For this question, let us assume $S$ is an uncountable nonempty ordered set such that every its nonempty subset has an infinum and a supremum. And let us assume that $f \colon S \to S$ is a monotonically increasing function. And suppose that $f(x) \neq x$ for all $x \in S$. Now to the question matter.
We have $inf(S) < f(inf(S))$. Define $a_{0,0} = inf(S)$, $a_{0,n+1} = f(a_{0,n})$. We must have $sup\{a_{0,n}\} < f(sup\{a_{0,n}\})$. Proceed inductively, by defining $a_{1,0} = sup\{a_{0,n}\}$, $a_{1,n+1} = f(a_{1,n})$. Now define $\Omega_n = a_{n,0}$.
Question: I guess, we cannot infer that it is not the case that $sup\{\Omega_n\} < f(sup\{\Omega_n\})$ from how $\{\Omega_n\}$ was defined (or anything whatsover), since the set $S$ is uncountable and induction is a bad weapon to tackle this, am I right? To clarify: the sequences $\{a_{m,n}\}$ are constructed in a such manner that every consecutive supremum, obtained with $f$, is tackled by the next sequence $\{a_{m+1,n}\}$; so I wondered, if the definition of $\{\Omega_n\}$ is enough to get rid of, as I called it, "the next supremum"?
The original problem, found in Berkeley Supplements for Rudin's Principles of Mathematical Analysis on page 4, is stated as follows. The problem is about fixed points, you can easily find it on this site answered (once, I saw it right to this question in the right column of the related questions); but I won't search it myself, since then I will inadvertently see the solution, which will spoil my wish to solve it myself.

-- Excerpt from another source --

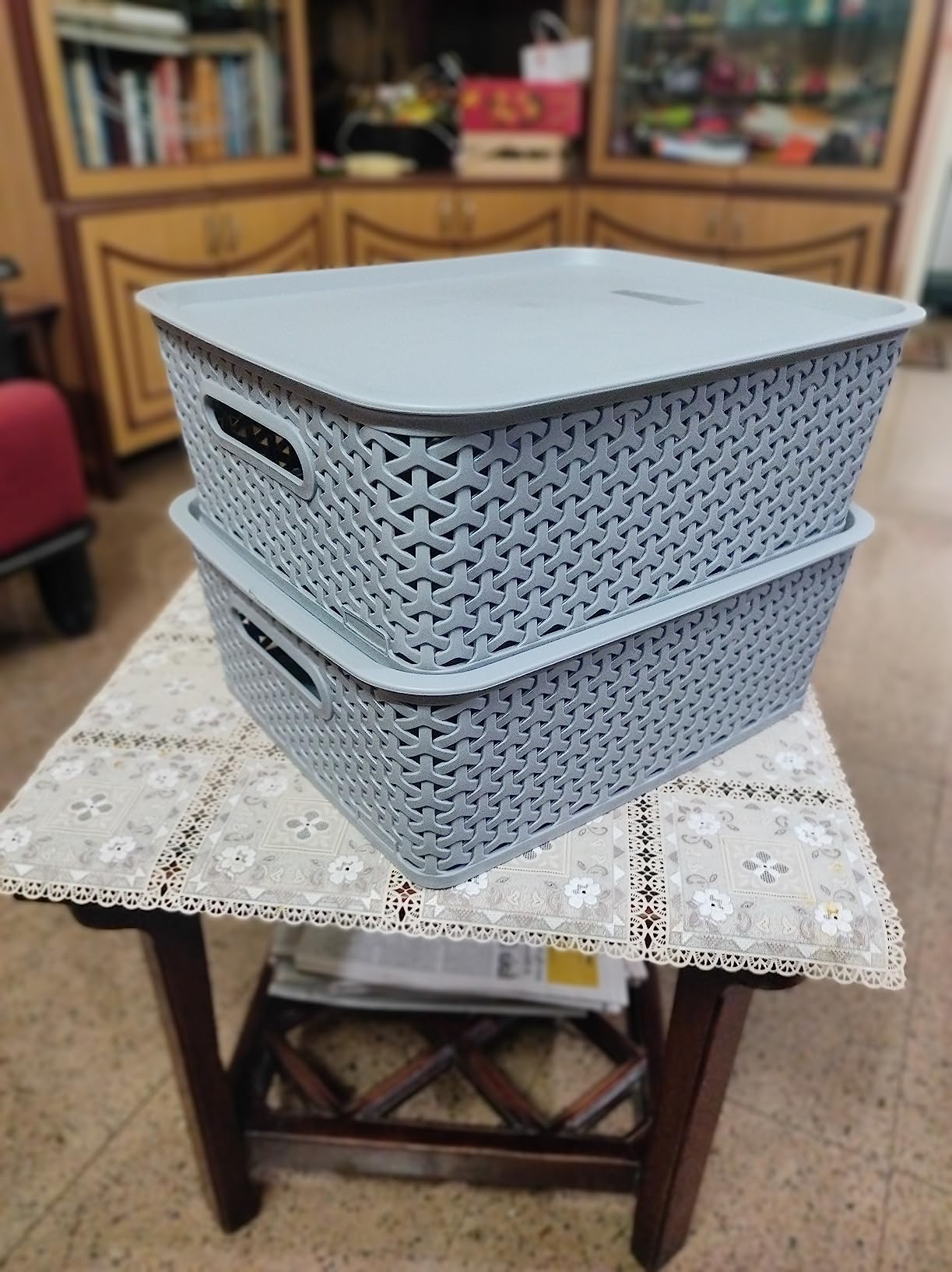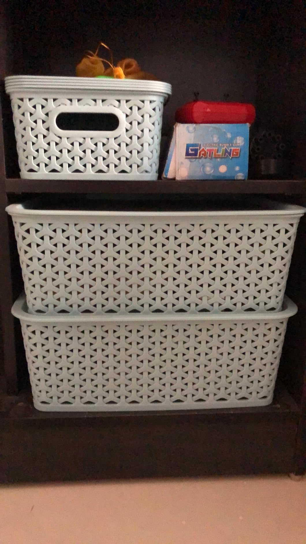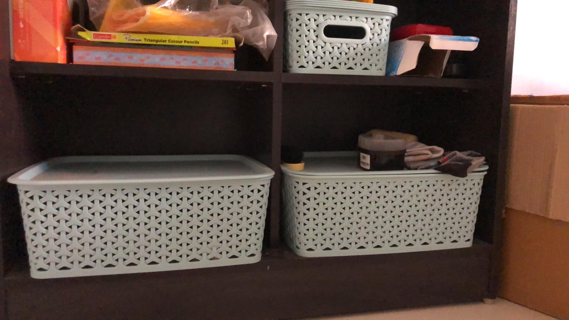 nice basket, not too big but enough for everyday items. fits nicely in cupboards

Let $S$ be a nonempty ordered set such that every nonempty subset $E \subseteq S$ has both a least upper bound and a greatest lower bound. (A closed interval $[a, b]$ in $\mathbb R$ is an example of such an $S$.) Suppose $f \colon S \to S$ is a monotonically increasing function; i.e., has the property that for all $x$, $y \in S$, $x \leq y \implies f(x) \leq f(y)$. Show that there exists an $x \in S$ such that $f(x) = x$.